Huzurevine sabah olmuştu, güneş bütün ihtişamıyla doğuyordu. Sanki gökyüzüne asılmış ateşten bir tepsi gibi parlıyordu. Rıdvan erkenden kalktı ve bahçeye çıktı. Bahçedeki bir banka oturup güneşin doğuşunu izliyordu. Bu günde yaşadığı için, üstelik yeni güne sağlıklı uyandığı için Allah’a şükretti. Güneşin doğuşunu izlemek bu güzelliği görmek, yaşamak çok güzeldi. Uzun süre hiç kımıldamadan oturdu, sadece güneşi ve bulutları izledi.
Hayallere daldı, çok uzaklara gitti. Sonra Yaren aklına geldi, yüzü aydınlandı ve yüzünde kocaman bir tebessüm belirdi. Her şeyi hazırlamıştı bir eksiklik veya aksaklık olsun istemiyordu. ‘’Yaren ya kabul etmezse’’ diye düşündü, içine karamsarlık çöktü. ‘’Yaren kabul eder, hem neden kabul etmesin ki onunda duyguları aynı, benim ona hissettiklerimi o da bana hissediyor. Söylemese de bunu biliyorum’’, dedi. ‘’Böyle kendi kendime konuşurken biri beni görse bana deli der, her halde.

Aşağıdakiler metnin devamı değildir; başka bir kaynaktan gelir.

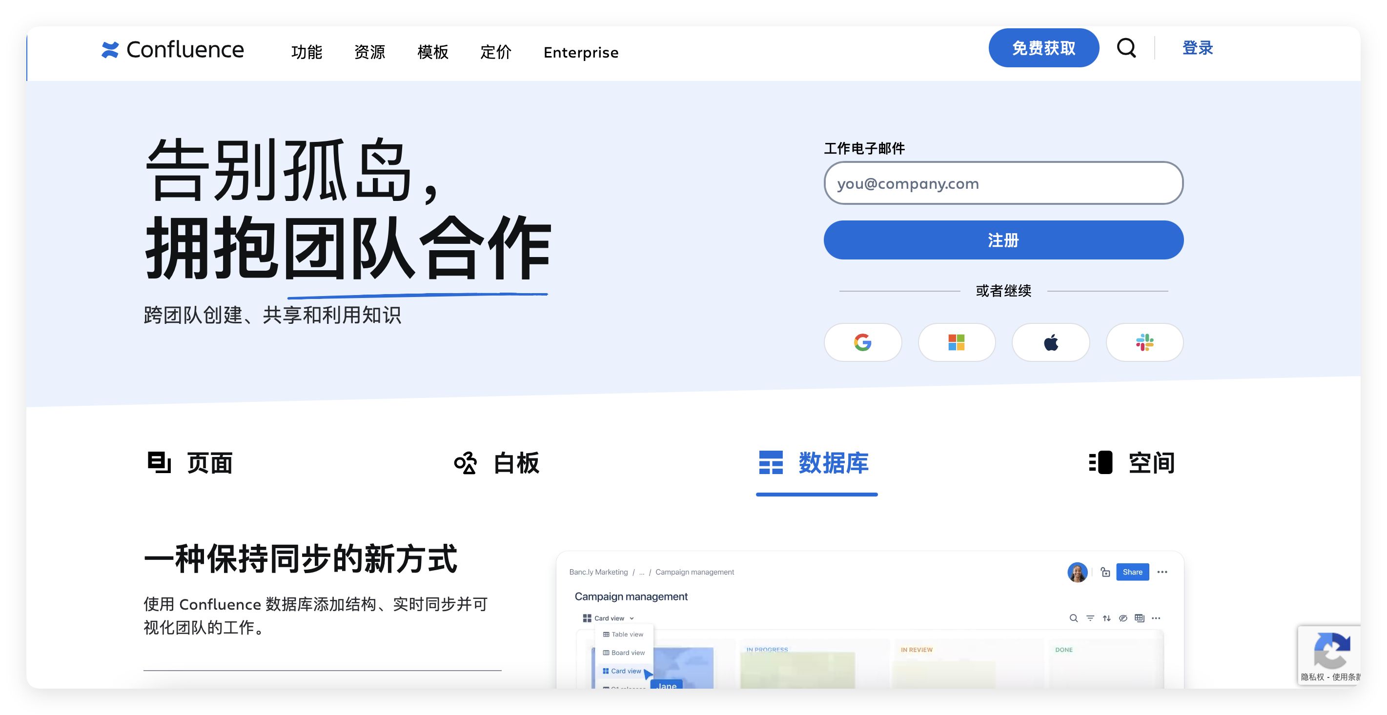 Atlassian公司推出的Confluence是一个知识管理平台,能够实现高效的企业级协作。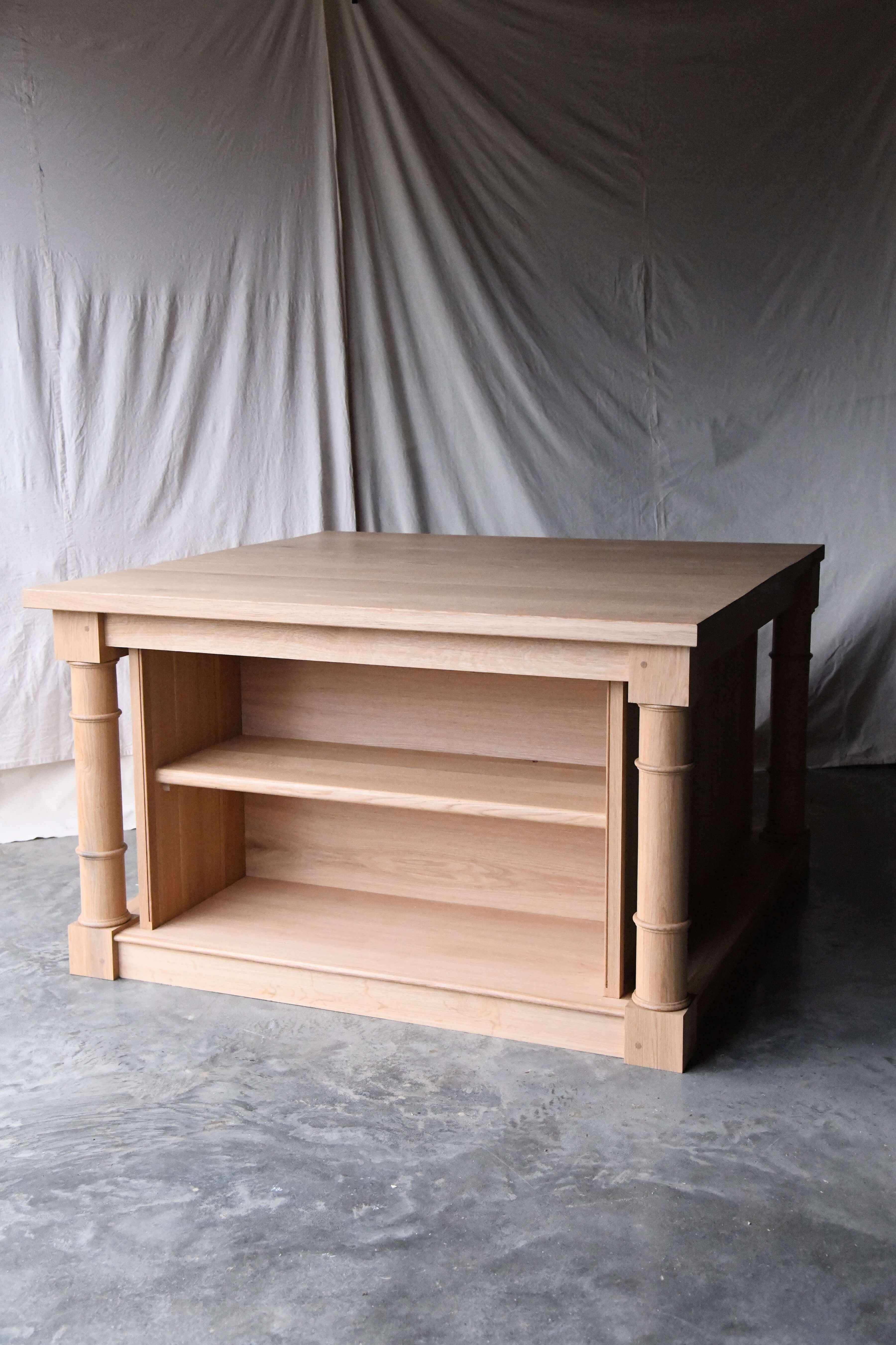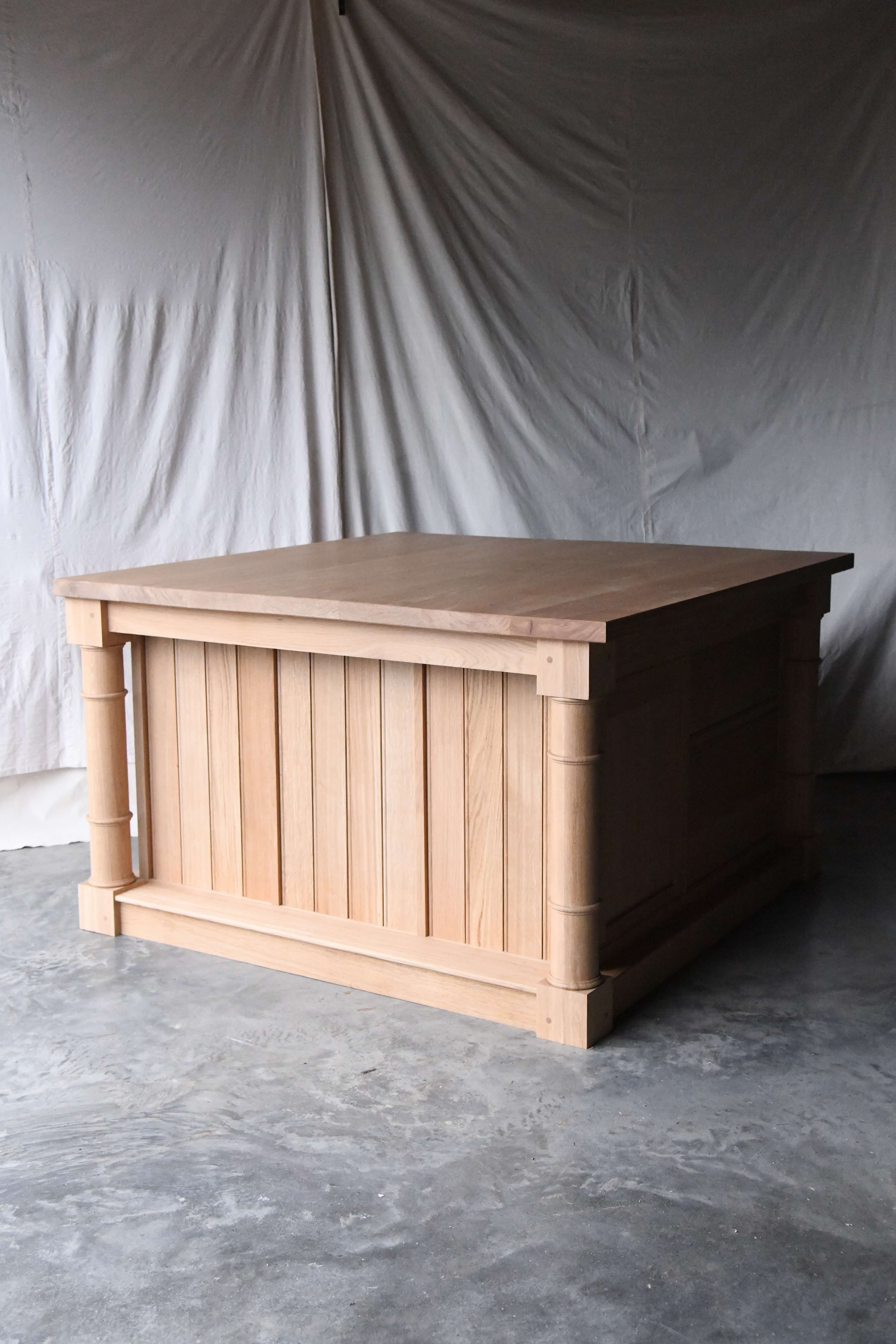 Handcrafted from solid British oak, the Rectory Island combines practical function with refined, architectural detail. Its solid framework and turned corner columns give a sense of quiet strength, while the panelled sides and fitted drawers provide generous storage and a grounded, balanced presence. Designed and made in our own workshop, it’s a piece that brings warmth, structure, and purpose to the heart of the home.

Ah Yaren ah beni bu yaşta ne hallere soktun kendi kendime konuşur oldum. Delisin sen oğlum’’, diye güldü.
O banka da kaç saat oturduğunu bilmiyordu. İçi ürperdi biraz üşümüştü. Sonra kolundaki saate baktı saat dokuza geliyordu. Arkadaşları kalkmaya başlamışlardır diye düşündü. Banktan kalktı, yerde yiyecek aramak için eşelenen kuş ürkekçe bir iki adım attı. Kanatlarını kocaman açtı ve hızla kanat çırpıp havalandı. Havalanırken ağzındaki solucanı düşürdü. Solucan tıpkı bir akordeon gibi hareket ederek kaçtı. Belli çok korkmuştu.
Rıdvan yerdeki karıncaları gördü, kendinden büyük yiyeceği taşımaya uğraşıyordu. Başka karıncalar ise tek sıra halinde yüzüyorlardı, belli ki yuvalarına gidiyorlardı. Arkalarında incecik şerit halinde yol bırakıyorlardı. Rıdvan doğaya hayran kaldı. Her canlının bir işi vardı ve her canlının bu dünyada olma sebebi vardı. Bu dünyaya geldiğine göre kendisinin de bir geliş sebebi vardı. Yaradan sebepsiz bir şey yaratmazdı. Allah’a bir daha hayran oldu ve inancı arttı.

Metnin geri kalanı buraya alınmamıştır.